→ Data records:
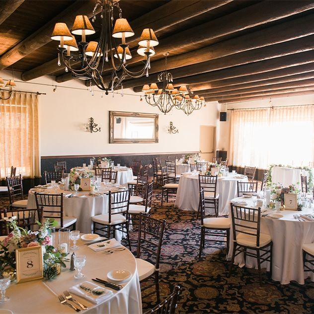 Create picture-perfect moments as large windows offer sweeping views of the desert landscape and stunning sunsets to create a breathtaking backdrop as you tie the knot. Steeped in old-world charm, this versatile venue has three separate spaces, including a 1,125 sq. ft. main area, a 340 sq. ft. display area, and a 660 sq. ft. reception area, along with a designated dance floor, covered patio, fireplace, and restrooms. This charming venue is perfect for hosting your dream Tucson wedding.
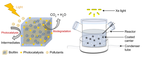 光催化与生物降解紧密耦合技术(Intimatelycoupling of photocatalysis and biodegradation, ICPB)结合了光催化反应和微生物处理的优点,是一种新型的去除生物难降解污染物的技术,研究表明ICPB对硝酸盐具有较好的还原效果。然而,ICPB在低碳条件下还原硝酸盐的效果尚不明确,其微生物代谢机制及菌群结构功能变化需进一步研究。因此,本研究制备了促进硝酸盐光催化反应的催化剂,驯化了稳定高效的生物膜构建ICPB体系。利用物化表征测试手段和分子生物学方法探究不同影响因子对ICPB去除硝酸盐的效果,揭示低碳条件下系统中光催化与微生物降解的协同作用机理,阐明微生物的菌群结构和功能变化规律,为低碳水体中硝酸盐的还原提供了科学依据和技术支持。
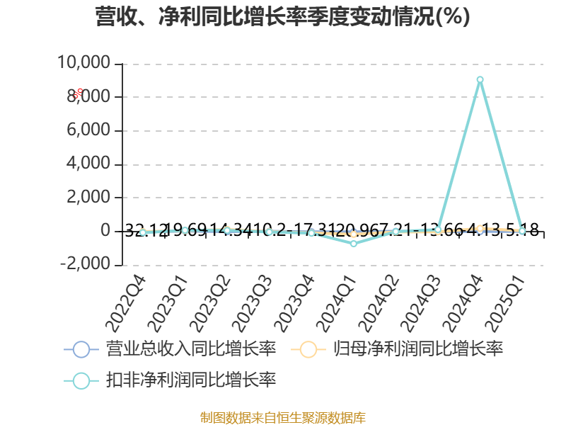 资产重大变化方面,截至2025年一季度末,公司交易性金融资产合计较上年末增加105.56%,占公司总资产比重上升1.58个百分点;货币资金较上年末减少12.5%,占公司总资产比重下降1.33个百分点;存货较上年末增加0.65%,占公司总资产比重上升0.38个百分点;应收票据及应收账款较上年末减少6.59%,占公司总资产比重下降0.34个百分点。
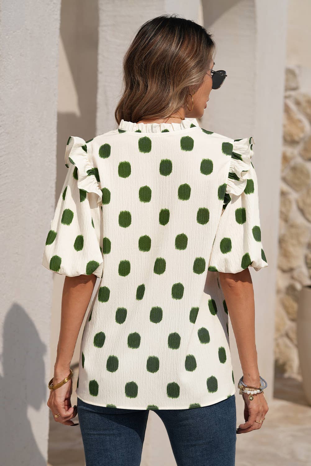 Playful, chic, and oh-so-fun — this top is your new go-to for standing out in style. Designed with a creamy ivory base and bold pink polka dot print, it’s equal parts whimsical and sophisticated. The smocked yoke and split neckline add a touch of effortless detail, while the ruffle trim shoulders and short flutter sleeves bring the perfect feminine flair.
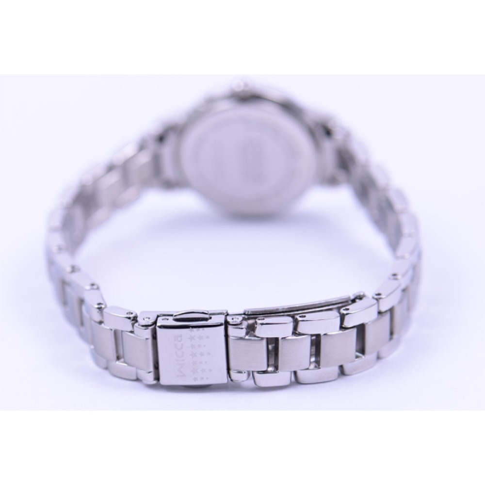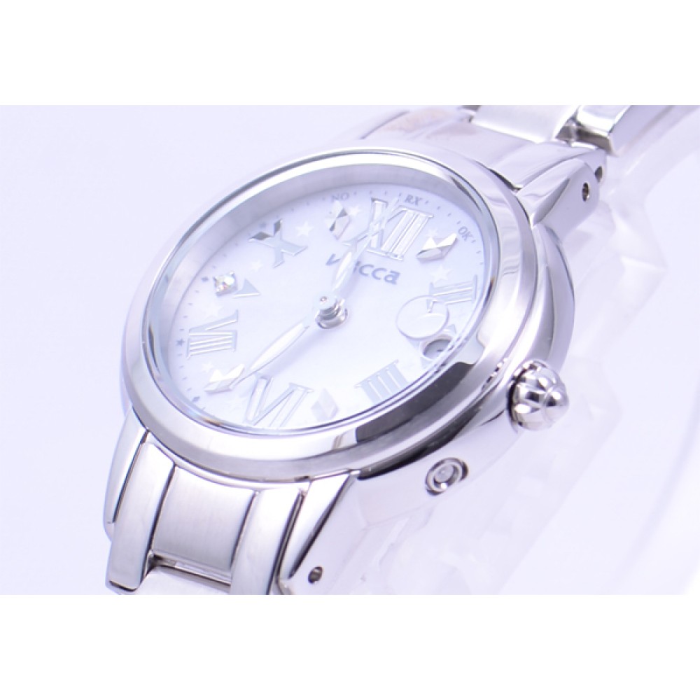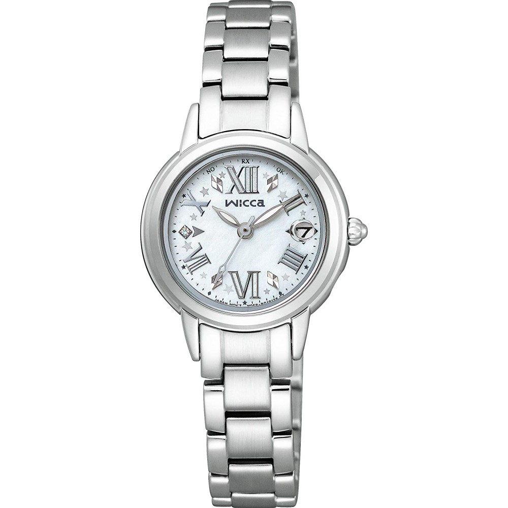 CITIZEN WICCA KL0-014-97 - ladies watch produced by Citizen. It is equipped with Japanese solar quartz movement and H0F8 calibre. Stainless steel case of round shape. Case dimensions are 25.5 mm. in diameter and 7.23 mm. in thickness. The dial of this Citizen watch is white. Display type: analog. This timepiece has mineral glass. Stainless steel band, band color: silver. 50 m. water resistance. The watch is from Wicca collection. The following features are equipped: radio controlled, date, perpetual calendar, crystal set, limited edition, antimagnetic.

→ Your goal:
Could you set down every record above exactly as written, leaving out the pictures?

→ Your response:
 Create picture-perfect moments as large windows offer sweeping views of the desert landscape and stunning sunsets to create a breathtaking backdrop as you tie the knot. Steeped in old-world charm, this versatile venue has three separate spaces, including a 1,125 sq. ft. main area, a 340 sq. ft. display area, and a 660 sq. ft. reception area, along with a designated dance floor, covered patio, fireplace, and restrooms. This charming venue is perfect for hosting your dream Tucson wedding.
 光催化与生物降解紧密耦合技术(Intimatelycoupling of photocatalysis and biodegradation, ICPB)结合了光催化反应和微生物处理的优点,是一种新型的去除生物难降解污染物的技术,研究表明ICPB对硝酸盐具有较好的还原效果。然而,ICPB在低碳条件下还原硝酸盐的效果尚不明确,其微生物代谢机制及菌群结构功能变化需进一步研究。因此,本研究制备了促进硝酸盐光催化反应的催化剂,驯化了稳定高效的生物膜构建ICPB体系。利用物化表征测试手段和分子生物学方法探究不同影响因子对ICPB去除硝酸盐的效果,揭示低碳条件下系统中光催化与微生物降解的协同作用机理,阐明微生物的菌群结构和功能变化规律,为低碳水体中硝酸盐的还原提供了科学依据和技术支持。
 资产重大变化方面,截至2025年一季度末,公司交易性金融资产合计较上年末增加105.56%,占公司总资产比重上升1.58个百分点;货币资金较上年末减少12.5%,占公司总资产比重下降1.33个百分点;存货较上年末增加0.65%,占公司总资产比重上升0.38个百分点;应收票据及应收账款较上年末减少6.59%,占公司总资产比重下降0.34个百分点。
 Playful, chic, and oh-so-fun — this top is your new go-to for standing out in style. Designed with a creamy ivory base and bold pink polka dot print, it’s equal parts whimsical and sophisticated. The smocked yoke and split neckline add a touch of effortless detail, while the ruffle trim shoulders and short flutter sleeves bring the perfect feminine flair.
 CITIZEN WICCA KL0-014-97 - ladies watch produced by Citizen. It is equipped with Japanese solar quartz movement and H0F8 calibre. Stainless steel case of round shape. Case dimensions are 25.5 mm. in diameter and 7.23 mm. in thickness. The dial of this Citizen watch is white. Display type: analog. This timepiece has mineral glass. Stainless steel band, band color: silver. 50 m. water resistance. The watch is from Wicca collection. The following features are equipped: radio controlled, date, perpetual calendar, crystal set, limited edition, antimagnetic.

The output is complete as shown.